This week’s CPI report showed inflation may be starting to bite consumers. Prices on apparel, household furnishings and recreation commodities unexpectedly increased in June. Prices for audio-video equipment rose 1.1% and are up over 11% YoY, the largest annual increase in a category where prices traditionally go down due to improvements in technology. Boston Fed President Susan Collins warned that she expects import taxes to push up inflation while restricting growth, ostensibly leading to a nightmare stagflation scenario. It is expected that June’s CPI report will leave the CORE PCE, the FOMC’s preferred inflation measure, well-above the committee’s 2% target. This paves the way for the committee to hold rates steady at their July 30 meeting. Interest rate futures have a 4% probability for a cut at that meeting.
Equity markets spent the week hitting a series of new all-time highs on several indices. This means traders aren’t quite as worried about the August 1 tariff deadline as previously thought. Sadly, U.S. stocks attracted less than 50% of new inflows, down from 72% a year ago. A possible indication that traders are wary of U.S.-based assets in general, not just government debt. Crypto assets also hit a $4 trillion combined valuation for the first time ever.

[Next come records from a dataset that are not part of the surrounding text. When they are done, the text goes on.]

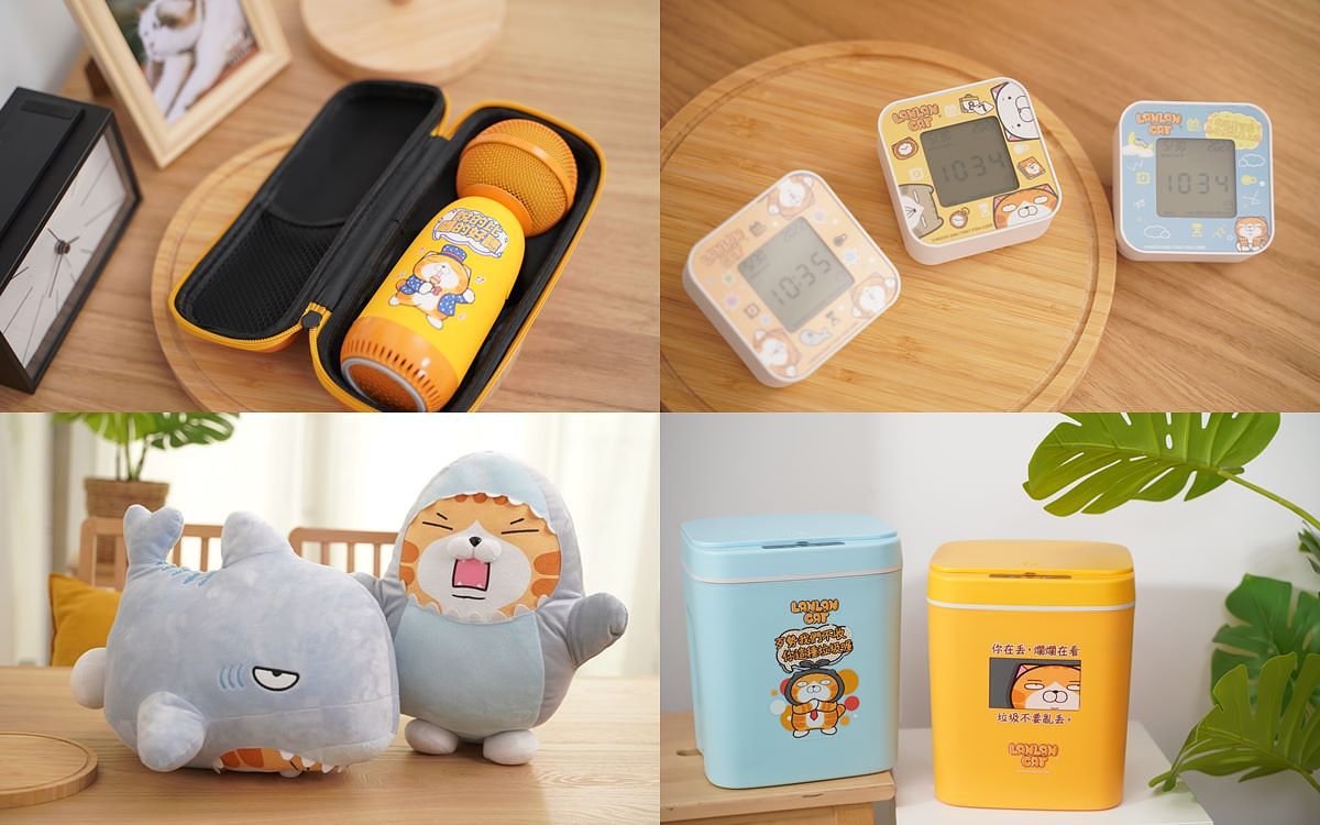 「白爛貓超愛演門市快閃購/集點送」活動,首推聚會氣氛擔當的「無線藍芽麥克風」,多場合適用,走到哪都能盡情歡唱;視訊直播會議、遠距上課必備的「環形補光燈」,水潤肌膚完美出鏡;首度推出的「刨冰機」,宅家也能輕鬆製作沁涼消暑冰品,另還有「三角靠枕+抱枕」、「體重計」、「感應式垃圾桶」、「可站立直立傘」以及「鯊魚變裝娃娃」等實用好物,搭配白爛貓超有梗的直白搞笑流行用語,療癒粉絲的厭世日常!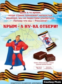 Особой популярности у российских сладкоежек не обрели и конфеты «Крым, а ну-ка отбери!». Год назад на волне крымских событий Новосибирская компания переобернула свои конфеты «Обские просторы» в новые фантики. На них – почему-то супермен с триколором на груди, окаймленный георгиевской ленточкой. Пользователи соцсетей окрестили его Russiaman’ом и Капитаном-Крымом. По признанию руководства кондитерской компании, патриотические конфеты продаются не лучше других и не смогли занять даже средних позиций.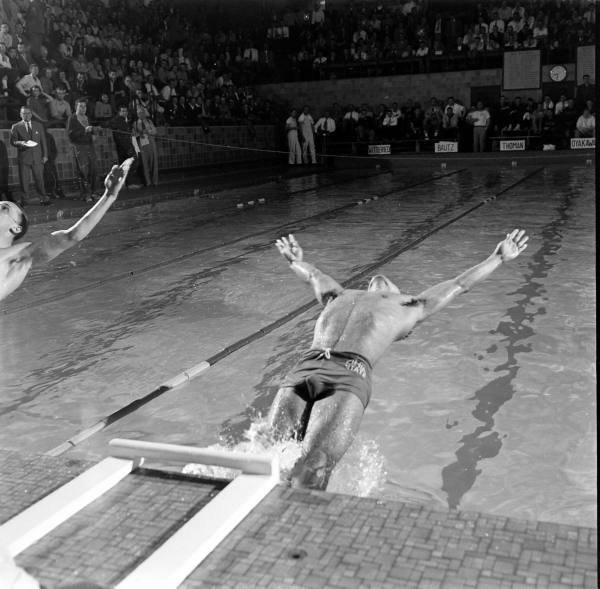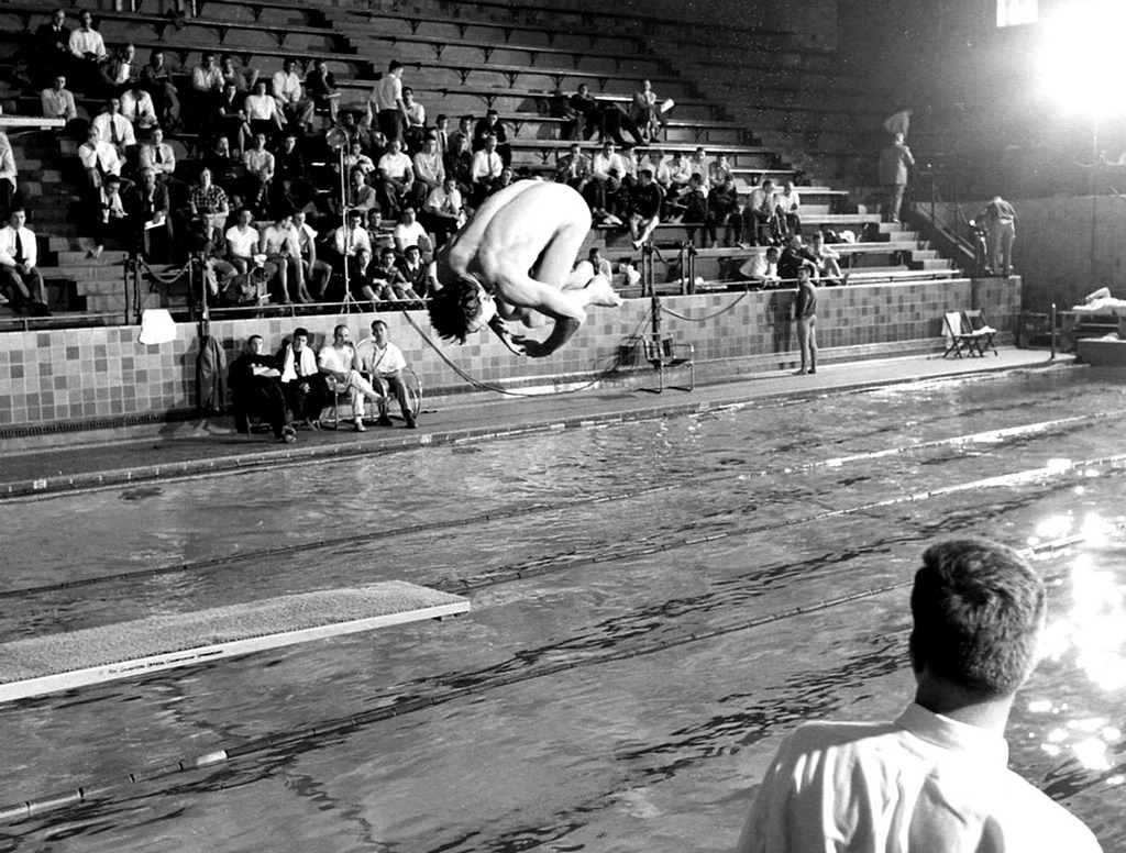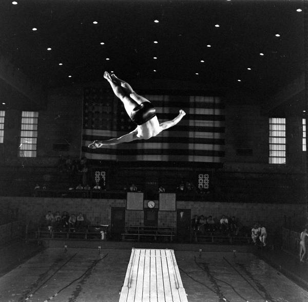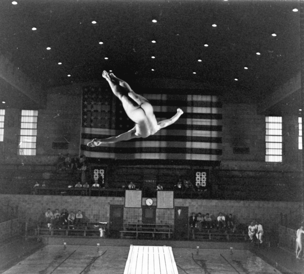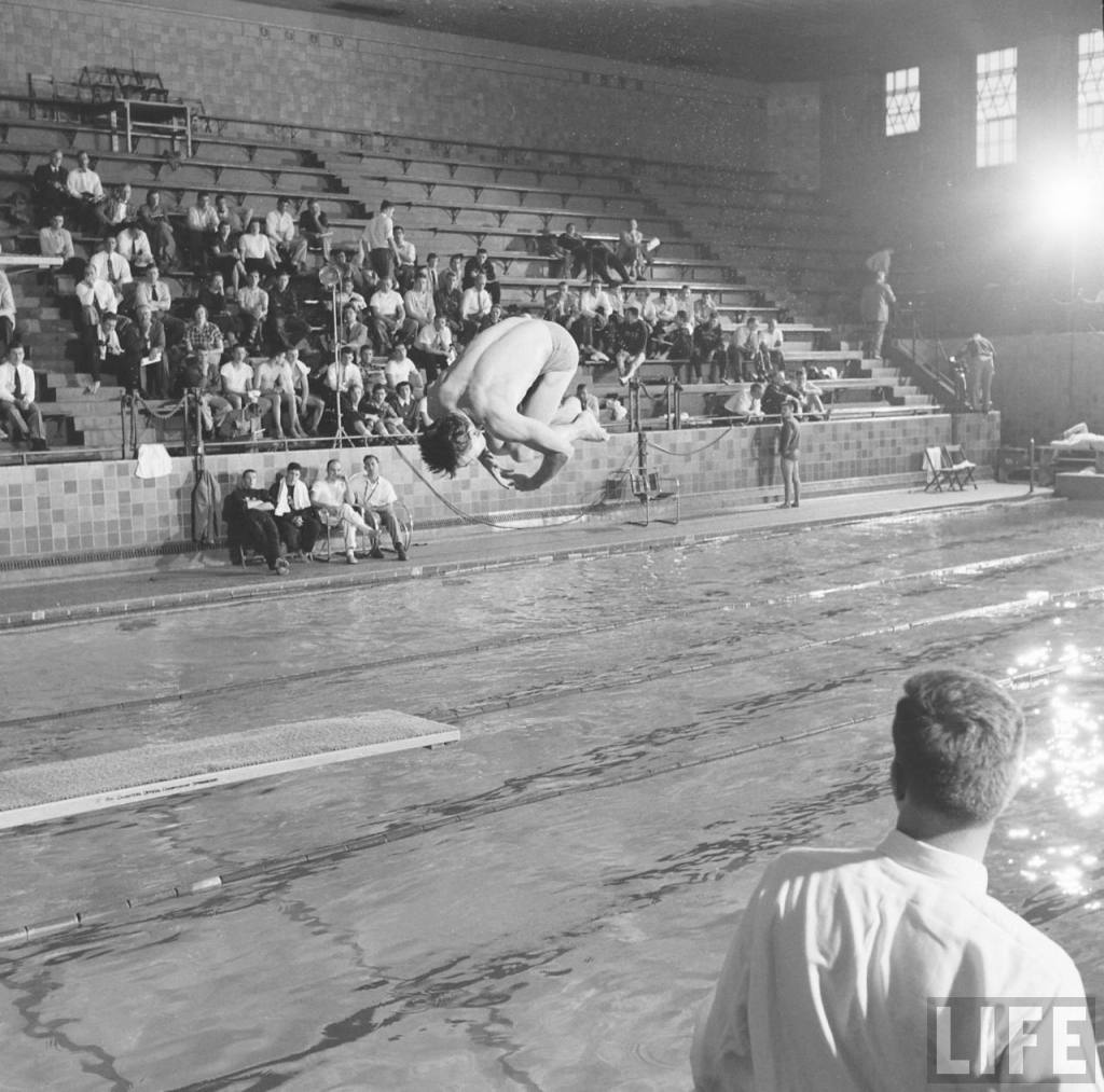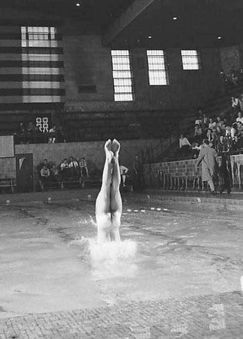 During that same tournament, LIFE photographers captured some arresting images of the diving competition as seen in the next two pairs of altered and unaltered images.

FOMC Chair Jerome Powell spent another week in the headlines amid scrutiny over the renovation of the Fed headquarters in Washington, D.C. and continued pressure from President Trump to cut rates. Treasury Secretary Scott Bessent took time out of an interview to assure markets that Trump would not fire Powell, but a formal process to find his replacement has begun. Powell’s term as chair ends in May 2026, though he has the option to remain on the Board as a voting member until January 2028. However, it is widely expected that he will resign at the conclusion of his term.
KEY INDICATORS THIS WEEK
Jobs – The FOMC Beige Book designated the labor market outlook as “neutral to slightly pessimistic,” as tariffs put upward pressure on prices. Fed Governor Christopher Waller commented that most recent job growth has occurred in the public sector. This means the private sector probably isn’t doing as well as we think, despite another week of strong labor data.